Fish Consumption Guidelines
Ways to Reduce Your Risk
Keep smaller fish for eating.
Generally, larger, older fish may be more contaminated than younger, smaller fish. You can minimize your health risk by eating smaller fish (that are within legal size limits) and releasing the larger fish.
Vary the kinds of fish you eat.
Contaminants build up in large predators and bottom-feeding fish, like bass and catfish, more rapidly than in other species. By substituting a few meals of bream and other panfish, like crappie, you can reduce your risk.
Eat smaller meals when you eat big fish and eat them less often.
If you catch a big fish, freeze part of the catch (mark the container or wrapping with species and location), and space the meals from this fish over a period of time.
Clean and cook your fish properly.
How you clean and cook your fish can reduce the level of contaminants by as much as half in some fish. Some chemicals have a tendency to concentrate in the fatty tissues of fish. By removing the fish's skin and trimming fillets according to the following diagram, you can reduce the level of chemicals substantially.

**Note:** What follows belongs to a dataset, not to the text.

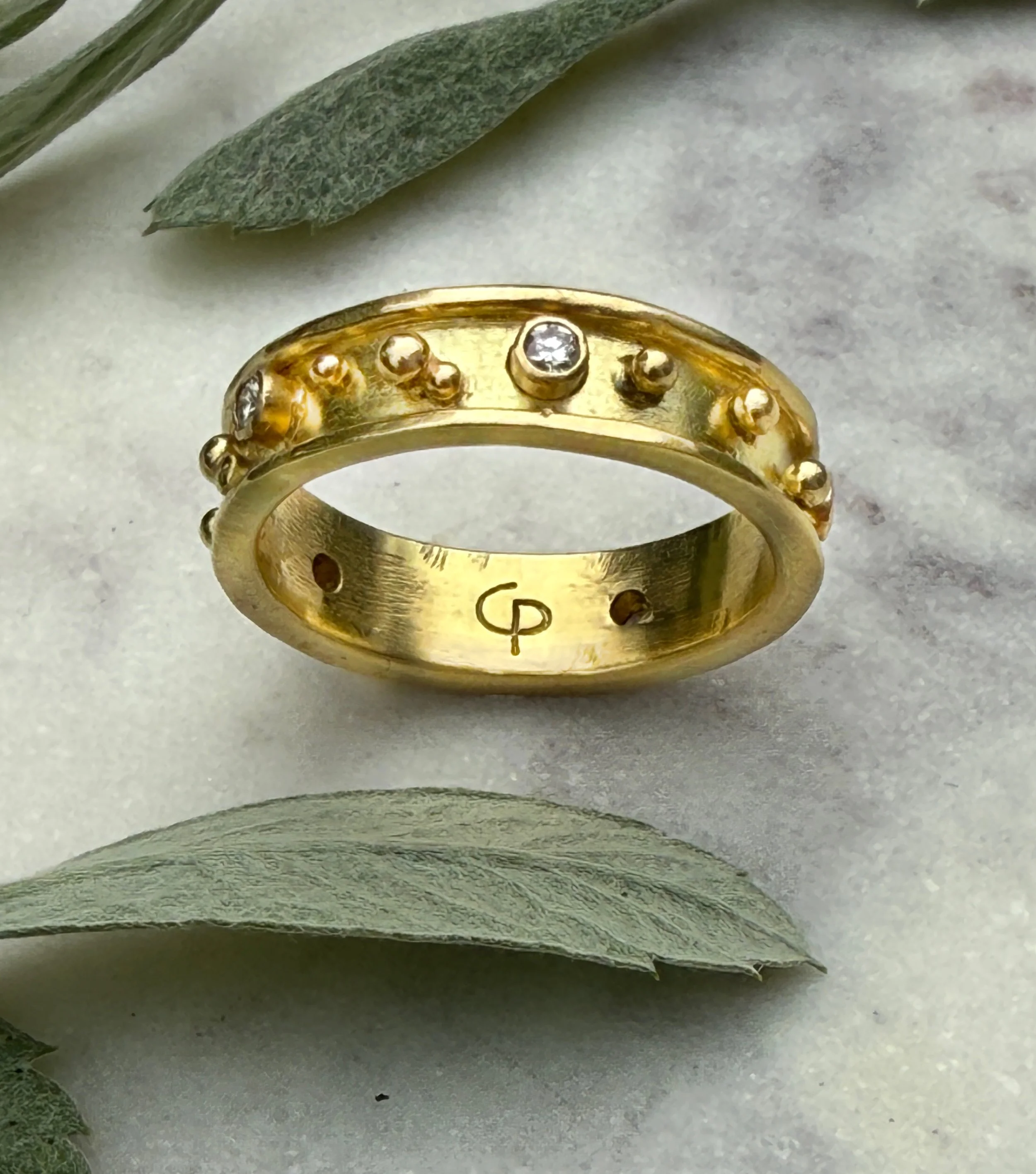 Crafted in glowing 18 royal yellow gold this band features 5 Round White Diamonds bezel set equally around the band. Detailed with hand crafted granulation details and gold borders. The soft textures of the metal and the sparkle of the diamonds make this unique band an everyday luxury.

Mercury is bound to the meat of the fish, so these precautions will not help reduce this contaminant.
Remove the skin from fillets and steaks.
The internal organs (intestines, liver, roe, and so forth) and skin are often high in fat and contaminants.
Trim off the fatty areas shown in black on the drawing.
These include the belly fat, side or body fat, and the flesh along the top of the back. Careful trimmint can reduce some contaminants by 25 to 50%.
Cook fish so fat drips away.
Broil, bake, or grill fish and do not use the drippings. Deep-fat frying removes some contaminants, but discard the oil once you have cooked the fish. Pan frying removes few, if any, contaminants.